My crazy idea is to write a modified spin interpreter and instead of reading from HUB ram reads directly from the SD card, which would allow a rather large file to be interpreted but ofcourse this would be rather slow.
But for now what about a Prop assembler that runs on the Prop ? That must be doable after all old CP/M systems could rebuild themselves in 24K bytes. Keep it simple, all symbols to be limited to say 12 characters so we don't need to worry about strings. String comparison becomes compare of three longs. What ever tricks it takes. The Prop instructions are very regular so this helps a lot.
Of course the first thing needed is an editor. Forget about free form text editing. Make it line and field based, lable, condition, instruction, source, destination, effects. Possibly comments hanging of the end. In fact the editor could pretty much "assemble" straight into memory as you type.
Looking up a bit BASIC must be possible. Sinclair had a basic running on the ZX81 with 16K ROM and 16K RAM. This had the interesting idea that for example hitting G on the keyboard in programming mode produced GOTO in the basic. So it tokenized as you typed !
Just thinking.....
▔▔▔▔▔▔▔▔▔▔▔▔▔▔▔▔▔▔▔▔▔▔▔▔
For me, the past is not over yet.
Don't forget femtoBasic and TinyBasic (on Hydra CD).
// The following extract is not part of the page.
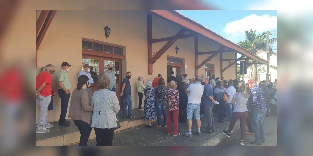 Idosos enfrentam fila para receber a segunda dose da vacina contra a Covid-19 em Ponta Grossa, nos Campos Gerais do Paraná, na manhã desta quarta-feira (31). A Guarda Municipal está na Estação Arte para organizar a fila.

Forth systems have compiler on board (try PropellerForth, only 10kilobytes), and the size varies depending what other features are needed. PF uses simple serial port IO for console and have no VGA/SD-card modules inbuild nor any editor in itself. It has nice words for EEprom accessing so it wiould be possible to expand it with an Editor+assembler.
I made a small assebler for PF, but have had no time to debug it fully. Nor have I heard much interest of it here...
Me and two others implemented a JVM running javelin code.
The javelin runs its jvm and virtual periheral code + native functions
in 4K 12bit words on a SX48·(3K for the jvm, 1K for VP and native functions).
Implementing the jvm in spin took 12K, and setting aside 16K to hold
the java program binary image, only left 4K of main ram.
Even worse was the implementation for the VP code: only 2 virtual
peripherals could be implemented in 1 cog. The javelin requires 6 VP (3 cogs).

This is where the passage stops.